You get to 2018 and its apparent that things are now worse. You have the ER admissions and treatment. The doctors still try to avoid surgery — again surgery is generally a last resort, particularly in someone your age. I was only a couple years older than you when I had my surgery. Like with you, after my colonoscopy, we tried one last effort to avoid surgery by using a course of antibiotics and bowel rest for a period of months. That failed to help. So in the end, I also needed bowel resection surgery. It was not fun. And it has affected my GI tract ever since, with short bowl syndrome and other problems. It's not likely to be fun for you either.

So was there malpractice in 2017 when again you were not referred to surgery right away? No way to tell. It is indeed common, as I experienced, for doctors to try to avoid surgery with other treatments first, if they can. After all, removing chunks of your intestine invites a whole host of other problems. By the way, take the surgeon's comments with a little grain of salt; surgeons tend to be more eager to operate and think surgery is the best solution to things since surgery is what they do and how they make money. So his perspective, while significant to consider, also has to be viewed in that light.
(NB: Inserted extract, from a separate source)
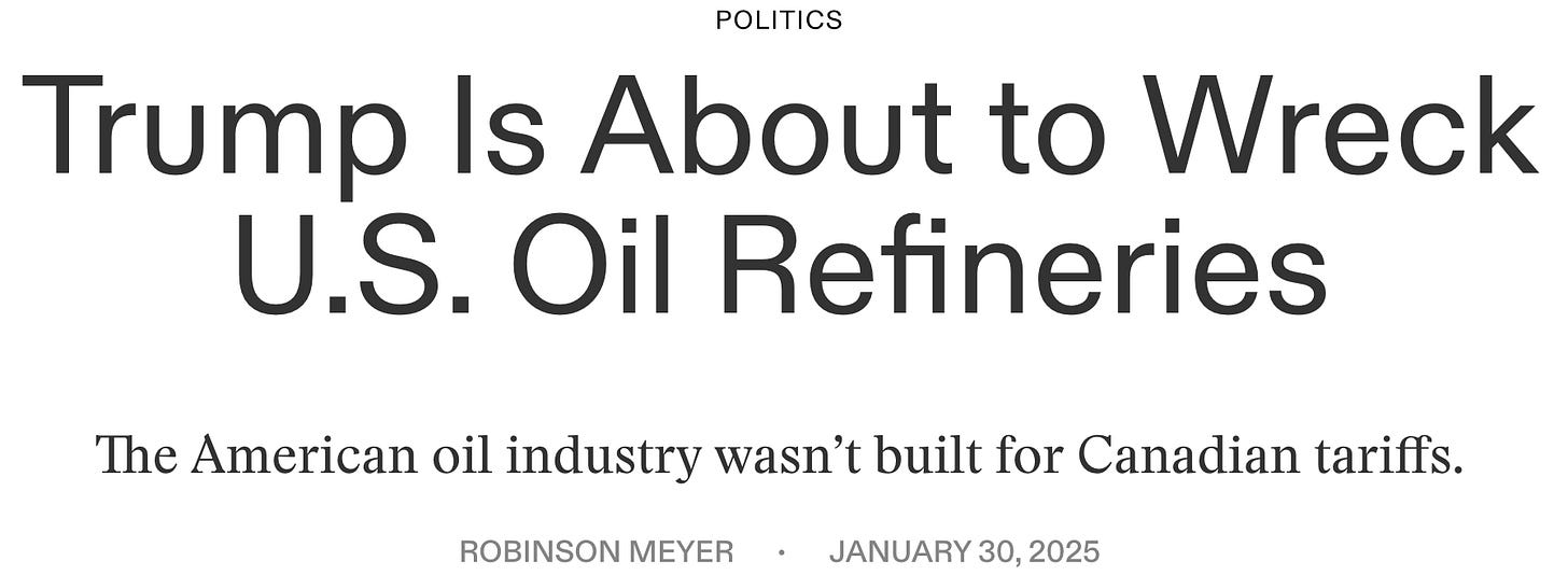 The Oil Price Information Service told the New York Times that 25% tariffs on oil would mean 15 to 20 cents more per gallon at the pump. (Trump’s tariffs are 25% on Mexican oil, but 10% on Canadian).

I mention all this because malpractice means that the care the doctor provided fell below the generally accepted standard of care for doctors with similar knowledge and skill (i.e. GI docs) given what they knew of your condition. And it may well be that trying the nonsurgical remedies first was the right way to go. I don't blame my doctors for trying that first — I really didn't want the surgery if I could avoid it. But ultimately it had to be done anyway. Sometimes that's just how it goes.

So in the end, if you want to know if you might have a good malpractice case, you will have to see a medical malpractice attorney in your state. The attorney can have your medical records reviewed by an expert to see if there is a strong enough case to make a medical malpractice case worthwhile. The information you provided here is not just detailed enough to make that determination.

You need to do that promptly. Florida has a two year statute of limitations for malpractice claims, starting when the malpractice occurred or when you should have discovered the malpractice occurred through due diligence, and in no event more than 4 years after the malpractice occurred. That means that if the time for any 2015 malpractice claim hasn't yet expired it will soon if you don't act, and it also means that potentially claims for malpractice in 2017 may be expired, too, and if not you may not have much time to pursue that either. And you'll have to take into account that part of the issue was your own delay in getting the colonoscopy done.

You can't litigate to prevent others from going through what you did. All you can do is get compensation for any harm caused by malpractice, if there was any.

I sympathize with the pain and other problems you've have, and the difficulty of the various treatments you've had along the way. I have had similar experiences. It sucks. But while you have had lots of problems, that does not necessarily mean that any doctor was at fault here or that had things been done a bit differently you'd have had a different outcome. Sometimes life just hands you a bad hand of cards to play. I do hope that you have a good recovery and a stable condition going forward.
 
Wow TM. You out wrote the OP by 175 words. :D

I have some sympathy for the OP's situation, having been in a somewhat similar situation myself. So I wanted to provide an explanation of things that would allow her to fully understand the complexity of the legal problem she is asking about and to understand a bit of the medical profession's approach to these kinds of intestinal problems.